#### DATASET ENTRIES

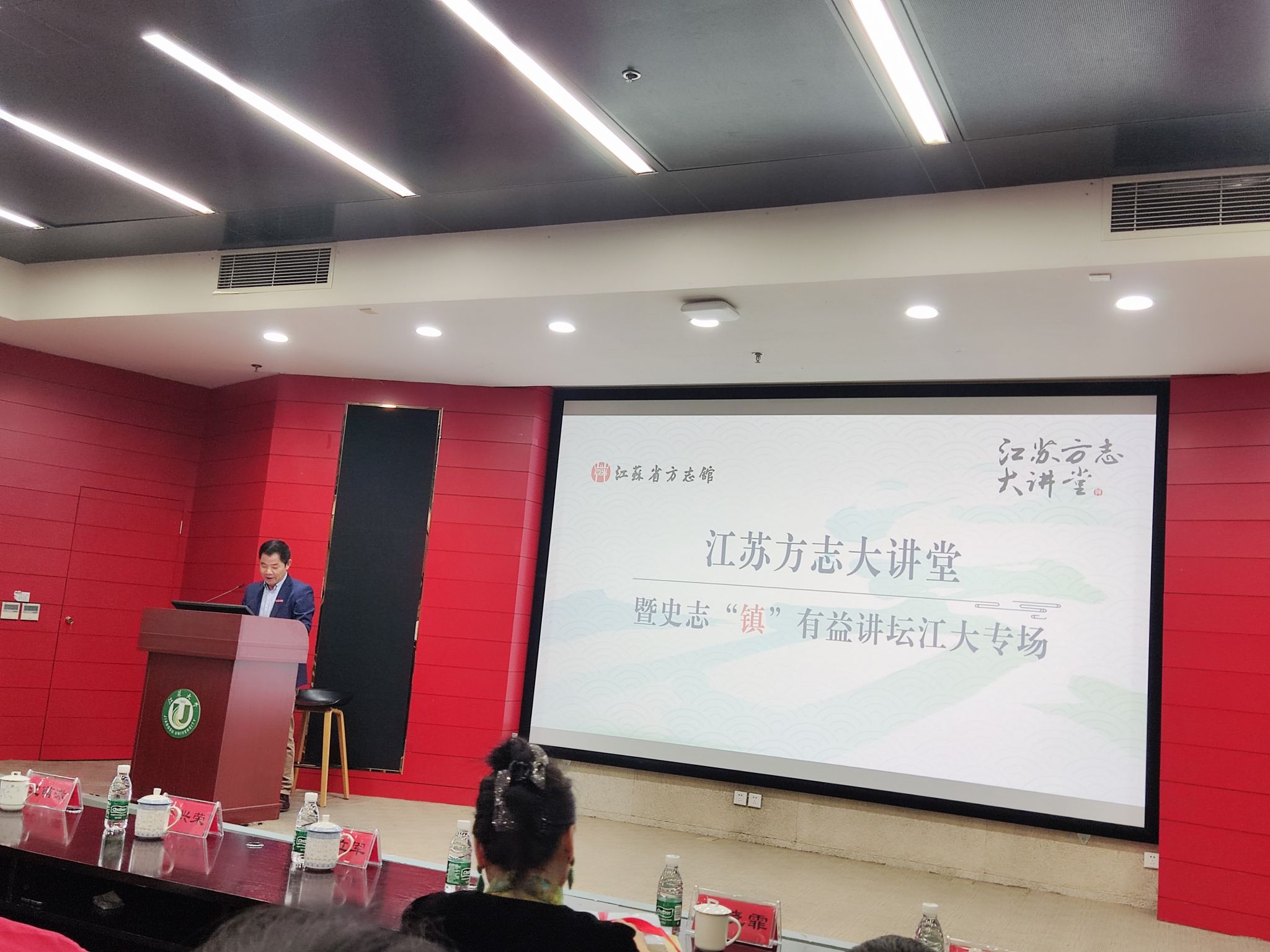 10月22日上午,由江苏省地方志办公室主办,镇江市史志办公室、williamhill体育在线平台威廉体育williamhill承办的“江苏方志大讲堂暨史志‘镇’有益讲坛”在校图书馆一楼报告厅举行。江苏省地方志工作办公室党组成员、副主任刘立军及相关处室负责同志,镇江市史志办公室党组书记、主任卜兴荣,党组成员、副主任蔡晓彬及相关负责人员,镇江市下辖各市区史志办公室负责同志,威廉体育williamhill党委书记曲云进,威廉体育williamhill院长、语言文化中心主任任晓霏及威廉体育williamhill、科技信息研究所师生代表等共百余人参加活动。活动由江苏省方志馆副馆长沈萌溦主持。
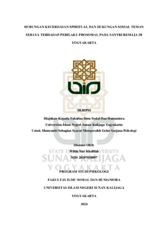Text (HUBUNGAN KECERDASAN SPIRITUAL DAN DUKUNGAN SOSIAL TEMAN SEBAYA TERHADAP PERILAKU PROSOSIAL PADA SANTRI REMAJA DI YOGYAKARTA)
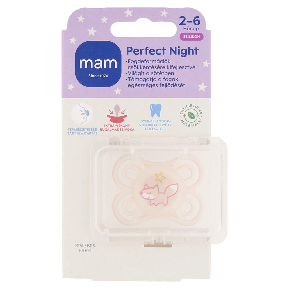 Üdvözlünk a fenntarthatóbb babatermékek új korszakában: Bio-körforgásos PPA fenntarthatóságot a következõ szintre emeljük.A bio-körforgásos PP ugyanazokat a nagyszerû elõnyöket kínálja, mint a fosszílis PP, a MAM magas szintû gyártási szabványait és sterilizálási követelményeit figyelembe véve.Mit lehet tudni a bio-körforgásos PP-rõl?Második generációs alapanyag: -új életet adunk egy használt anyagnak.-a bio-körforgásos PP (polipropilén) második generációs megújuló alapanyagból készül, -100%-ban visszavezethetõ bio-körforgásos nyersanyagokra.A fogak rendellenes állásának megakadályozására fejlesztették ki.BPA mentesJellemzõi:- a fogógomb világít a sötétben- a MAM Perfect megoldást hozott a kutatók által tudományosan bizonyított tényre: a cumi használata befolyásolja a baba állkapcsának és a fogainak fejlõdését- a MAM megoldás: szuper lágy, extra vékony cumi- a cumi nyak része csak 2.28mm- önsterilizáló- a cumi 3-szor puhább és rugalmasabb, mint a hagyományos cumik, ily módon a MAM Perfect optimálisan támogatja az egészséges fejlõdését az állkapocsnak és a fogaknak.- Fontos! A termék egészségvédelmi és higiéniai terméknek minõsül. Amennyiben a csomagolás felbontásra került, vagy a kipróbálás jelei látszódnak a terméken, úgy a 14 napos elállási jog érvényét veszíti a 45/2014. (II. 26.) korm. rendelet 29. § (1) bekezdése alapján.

########
#### DATASET ENTRIES

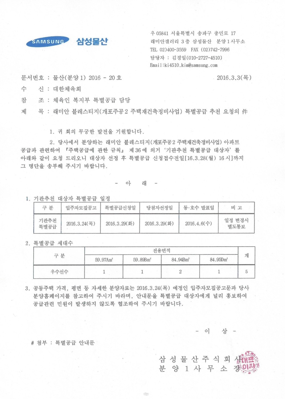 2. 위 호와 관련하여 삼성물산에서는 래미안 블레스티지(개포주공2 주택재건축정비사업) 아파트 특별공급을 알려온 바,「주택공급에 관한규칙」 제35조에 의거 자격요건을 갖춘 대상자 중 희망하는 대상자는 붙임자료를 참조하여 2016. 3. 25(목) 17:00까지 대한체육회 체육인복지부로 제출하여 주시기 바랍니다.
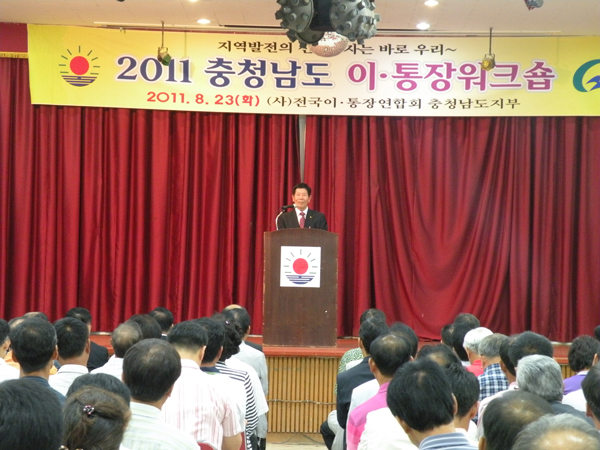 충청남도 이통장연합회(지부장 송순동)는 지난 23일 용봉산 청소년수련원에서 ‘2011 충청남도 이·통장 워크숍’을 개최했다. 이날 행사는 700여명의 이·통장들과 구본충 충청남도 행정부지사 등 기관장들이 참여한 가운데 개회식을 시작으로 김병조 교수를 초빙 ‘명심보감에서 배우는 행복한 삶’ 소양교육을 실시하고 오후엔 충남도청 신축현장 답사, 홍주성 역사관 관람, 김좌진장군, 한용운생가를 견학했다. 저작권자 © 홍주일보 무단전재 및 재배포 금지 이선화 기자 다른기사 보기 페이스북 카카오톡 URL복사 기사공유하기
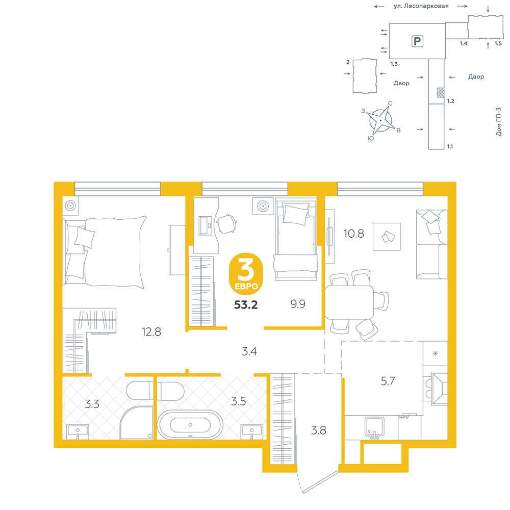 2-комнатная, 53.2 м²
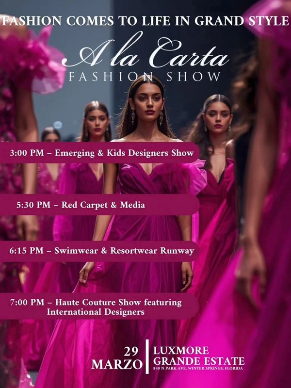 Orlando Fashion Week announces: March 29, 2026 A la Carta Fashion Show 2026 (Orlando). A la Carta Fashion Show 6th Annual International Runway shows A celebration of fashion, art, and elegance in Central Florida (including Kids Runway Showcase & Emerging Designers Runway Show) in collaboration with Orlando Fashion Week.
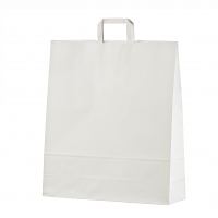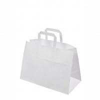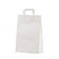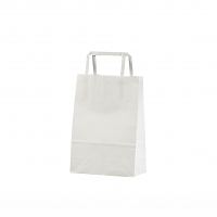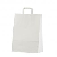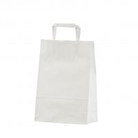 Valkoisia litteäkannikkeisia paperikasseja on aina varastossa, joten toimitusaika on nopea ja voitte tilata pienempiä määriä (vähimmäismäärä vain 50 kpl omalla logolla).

########
#### DATASET ENTRIES

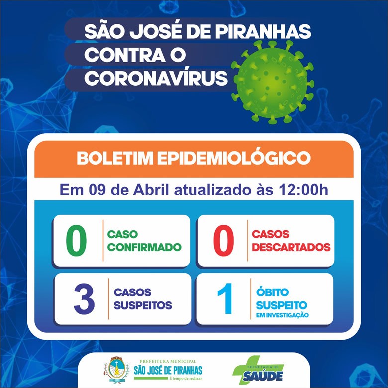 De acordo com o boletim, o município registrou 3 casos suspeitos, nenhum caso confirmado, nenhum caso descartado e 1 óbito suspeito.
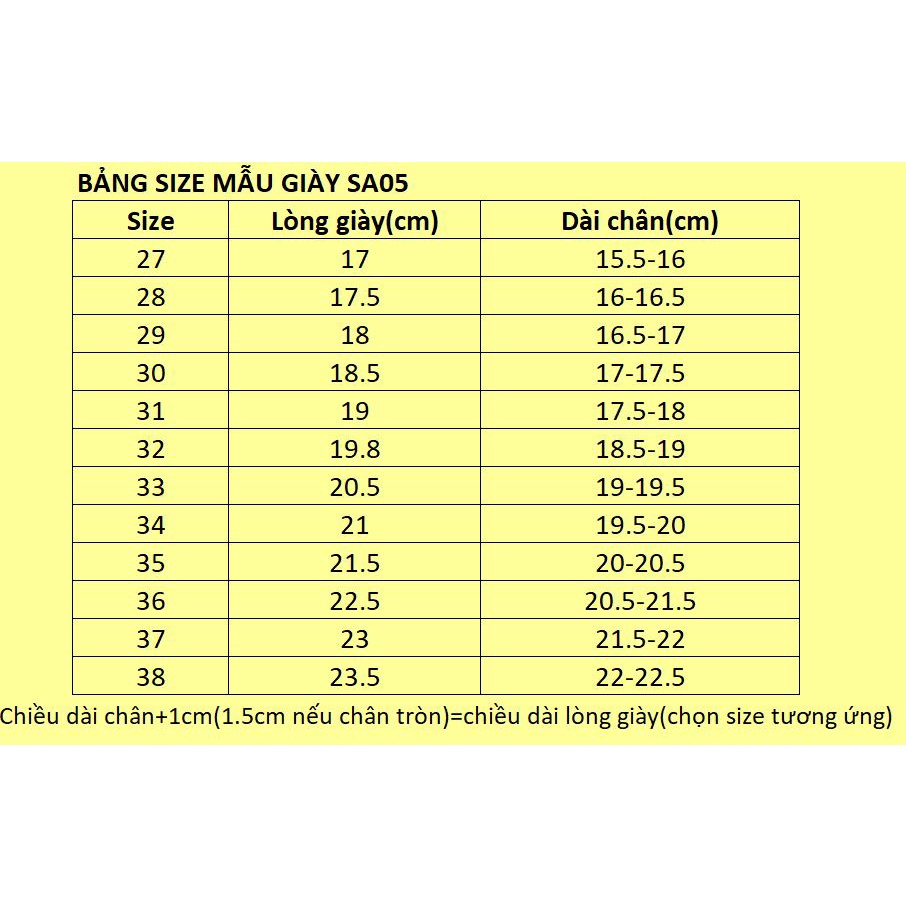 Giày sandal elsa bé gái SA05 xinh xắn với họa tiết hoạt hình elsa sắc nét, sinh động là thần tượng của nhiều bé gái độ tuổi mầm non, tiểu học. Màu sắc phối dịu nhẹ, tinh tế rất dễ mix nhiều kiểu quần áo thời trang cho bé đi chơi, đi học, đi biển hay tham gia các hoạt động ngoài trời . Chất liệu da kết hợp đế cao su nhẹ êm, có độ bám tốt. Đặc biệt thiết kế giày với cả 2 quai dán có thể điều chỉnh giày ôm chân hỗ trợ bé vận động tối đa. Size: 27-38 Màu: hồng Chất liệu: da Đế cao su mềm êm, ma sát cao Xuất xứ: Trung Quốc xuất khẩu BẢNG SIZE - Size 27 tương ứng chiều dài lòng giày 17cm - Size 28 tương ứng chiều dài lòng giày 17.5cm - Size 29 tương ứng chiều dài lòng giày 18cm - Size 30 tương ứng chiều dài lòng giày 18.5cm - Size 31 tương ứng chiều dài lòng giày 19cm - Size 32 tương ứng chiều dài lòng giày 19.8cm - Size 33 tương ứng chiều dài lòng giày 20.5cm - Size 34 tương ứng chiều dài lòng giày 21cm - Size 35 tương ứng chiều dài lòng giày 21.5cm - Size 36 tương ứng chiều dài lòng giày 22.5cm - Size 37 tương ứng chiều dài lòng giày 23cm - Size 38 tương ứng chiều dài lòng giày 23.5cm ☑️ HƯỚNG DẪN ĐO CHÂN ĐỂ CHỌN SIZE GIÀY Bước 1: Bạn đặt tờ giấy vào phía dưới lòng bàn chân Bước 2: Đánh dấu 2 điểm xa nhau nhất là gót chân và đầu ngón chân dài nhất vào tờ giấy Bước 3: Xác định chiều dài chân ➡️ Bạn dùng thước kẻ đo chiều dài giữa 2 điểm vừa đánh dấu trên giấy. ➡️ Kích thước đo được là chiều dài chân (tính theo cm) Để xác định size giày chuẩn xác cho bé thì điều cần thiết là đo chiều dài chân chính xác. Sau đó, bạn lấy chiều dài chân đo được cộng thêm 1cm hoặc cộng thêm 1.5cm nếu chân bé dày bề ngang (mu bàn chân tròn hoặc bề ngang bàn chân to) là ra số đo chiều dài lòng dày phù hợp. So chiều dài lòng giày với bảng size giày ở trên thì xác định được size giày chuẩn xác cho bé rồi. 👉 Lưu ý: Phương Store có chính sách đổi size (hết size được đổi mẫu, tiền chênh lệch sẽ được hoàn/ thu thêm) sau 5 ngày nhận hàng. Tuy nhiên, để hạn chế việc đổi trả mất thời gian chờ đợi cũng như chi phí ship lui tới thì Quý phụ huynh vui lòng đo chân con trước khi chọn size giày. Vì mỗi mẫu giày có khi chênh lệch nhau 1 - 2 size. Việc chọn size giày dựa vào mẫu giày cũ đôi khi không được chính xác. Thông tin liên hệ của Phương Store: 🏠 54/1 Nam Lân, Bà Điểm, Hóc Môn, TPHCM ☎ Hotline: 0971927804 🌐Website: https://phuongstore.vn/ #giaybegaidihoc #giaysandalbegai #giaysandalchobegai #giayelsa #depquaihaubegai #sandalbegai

########

■ BRIEF ■
Leaving pictures out, output the lines of the data above from the one with "10月22日上午,由江苏省地" through the one with "Text (HUBUNGAN KECERDASAN", word for word.

■ ANSWER SPACE ■
 10月22日上午,由江苏省地方志办公室主办,镇江市史志办公室、williamhill体育在线平台威廉体育williamhill承办的“江苏方志大讲堂暨史志‘镇’有益讲坛”在校图书馆一楼报告厅举行。江苏省地方志工作办公室党组成员、副主任刘立军及相关处室负责同志,镇江市史志办公室党组书记、主任卜兴荣,党组成员、副主任蔡晓彬及相关负责人员,镇江市下辖各市区史志办公室负责同志,威廉体育williamhill党委书记曲云进,威廉体育williamhill院长、语言文化中心主任任晓霏及威廉体育williamhill、科技信息研究所师生代表等共百余人参加活动。活动由江苏省方志馆副馆长沈萌溦主持。
Text (HUBUNGAN KECERDASAN SPIRITUAL DAN DUKUNGAN SOSIAL TEMAN SEBAYA TERHADAP PERILAKU PROSOSIAL PADA SANTRI REMAJA DI YOGYAKARTA)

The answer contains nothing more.